I don't know how much I can write here as there may be a limit. Well, I will go on until I can't go on any more. :) After 2 back surgeries and a neck fushion, more things began to happen. My extremities were getting numb while standing and my balance veered. I then went to a Neurologist and I had more blood work, nerve conduction studies , EEG's, and MRI's. It was determined I had peripheral neuropathy as more complications. When moving from So CA to Las Vegas, NV, I had to continue with seeing specialists More MRI"S CAT scans and other tests were done. Heavier pain meds were prescribed like Oxicontin, Oxycodone, and Duragesic patches to help with my pain. It was determined that I had nerve damge and nerve degeneration exposing the nerves to the outside world. Right away I was sent to a Neurosurgeon and the only thing that came out of his mouth was Neck surgery. I said no, no, no. You are not operating on me. At my age, it could be serious and I would have to be in ICU for a day with a line in my neck. You know and I know that their is danger in that. He had nothing more to do with me. Yes, I had all these complications and none were specific. One Neurologist I went to gave me more tests and determined I had CIPD which is a bad disease and prescribed IV Gamma Gobulin which would have cost me $5,000 for the first 5 days. No way could I afford and that is even when the insurance would pay 33% of the cost. I was told I would have to be on it for 3 years and given once a month. Whoo Haah!! Forgit about it. So, a nerve stimulator was put in and did nothing for my back and neck and shoulder but only my legs which incidentally did work on that. Big deal! The only other thing it did was to stimulate my genitals. I couldn't get it up anyway. ha ha Here is another $200.000 for trial and permanent insert. Both 3 hour stay, both outpatient, one in a surgery center and the other in a hospital. Meanwhile, various pain medications were tried to no avail. Moving from Las Vegas to Seattle was next and the doctors here say I now have not only degenerative nerve disease but other things as well.
Mood problem 11/05/2014
Memory problem 11/05/2014
Heart failure 11/05/2014 (how that got in I don't know}
Underactive thyroid 11/05/2014
Chronic pain 11/05/2014
Difficulty falling or staying asleep 11/05/2014
Restless legs syndrome 11/05/2014
Sleep apnea 11/05/2014
Heart disease due to blocked artery 11/05/2014
Falling 12/05/2014
Transient alteration of awareness 12/22/2014 (sounds like a sci fi)

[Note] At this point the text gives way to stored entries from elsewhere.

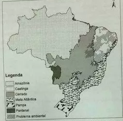 No mapa estão representados os biomas brasileiros que, em função de suas características físicas e do modo de ocupação do território, apresentam problemas ambientais distintos. Nesse sentido, o problema ambiental destacado no mapa indica.
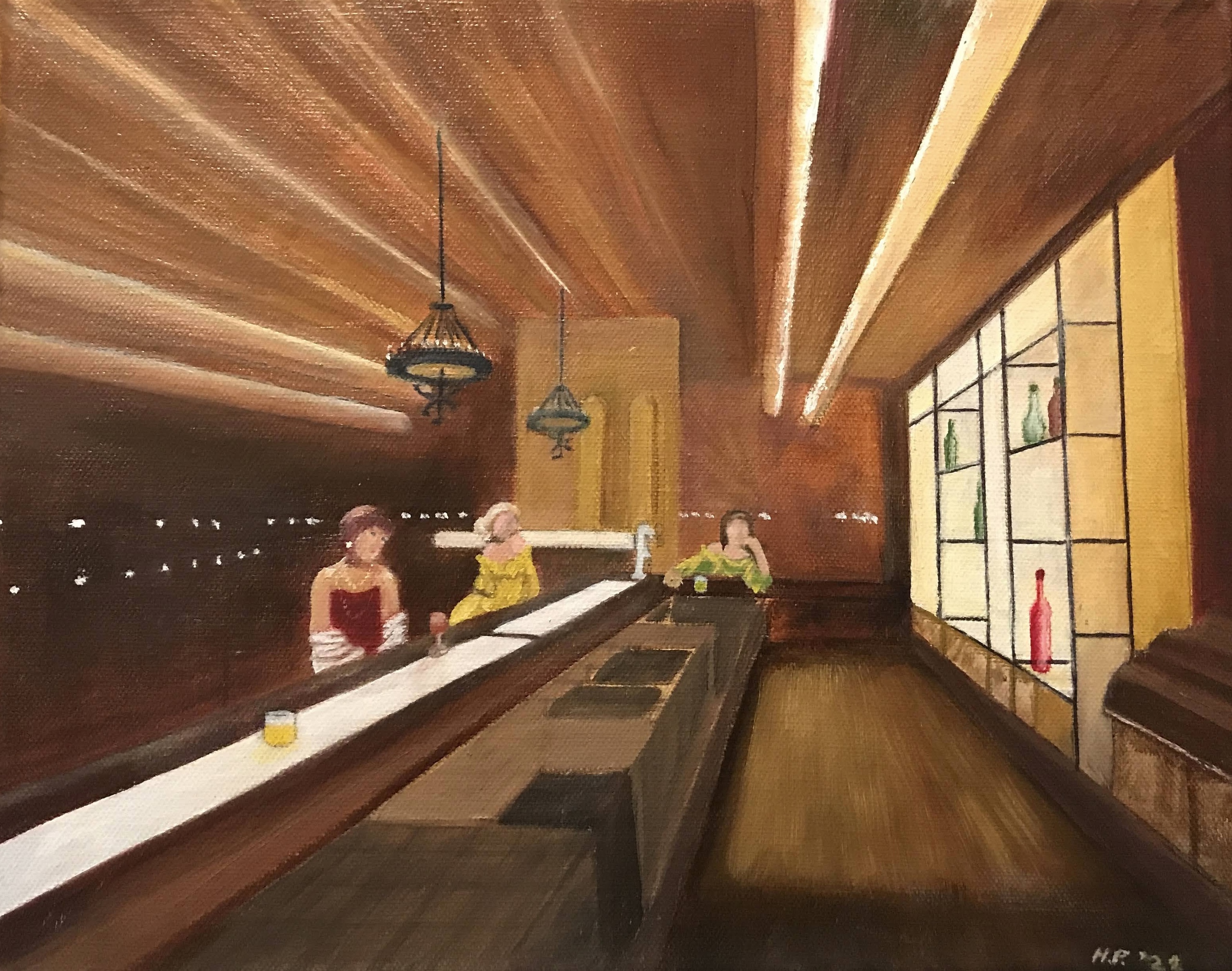 The Grand Ballroom uit de film The Shining. In de stijl van Edward Hopper geschilderd, vooral geprobeerd de eenzaamheid uit te beelden.
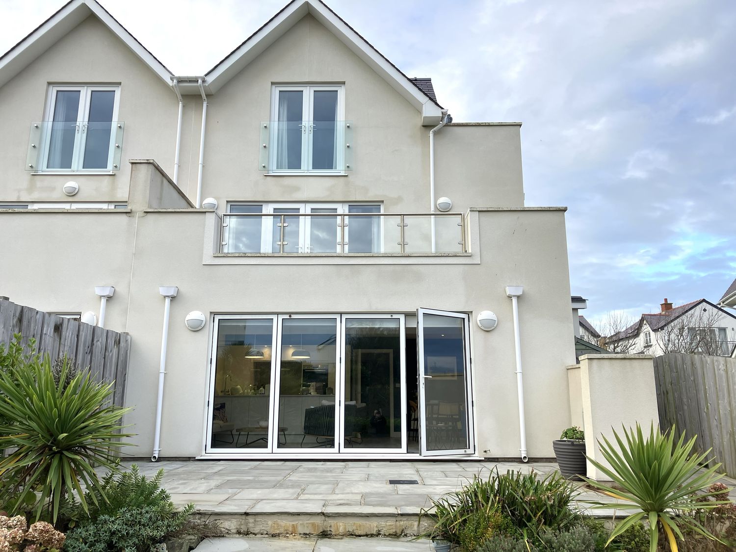 "Over three floors. Three bedrooms: 1 x double with balcony, 1 x second-floor double with juliet balcony and regular balcony, 1 x twin. Second-floor bathroom with bath, basin, WC. Shower room with walk-in shower, basin, WC. Cloakroom with basin, WC. Open-plan living space with kitchen, dining area and sitting area. Utility"

Ankylosing spondylitis 04/24/2015
Chronic kidney disease, stage III (moderate) 05/11/2015
Skin inflammation 05/12/2015
Difficulty swallowing 06/17/2015
Periodic limb movement disorder 07/20/2015
Loss of bladder control 09/10/2015
Skin inflammation 09/10/2015
Psoriasis 10/14/2015

I forgot some others but this is enough, don't you think? I really have a long record. Most doctors I see just tell me either I am a mess or too much complication of what I have. It's about 0212 and I am getting tired and before I finish, I will save what I have and go to bed. Sayonara.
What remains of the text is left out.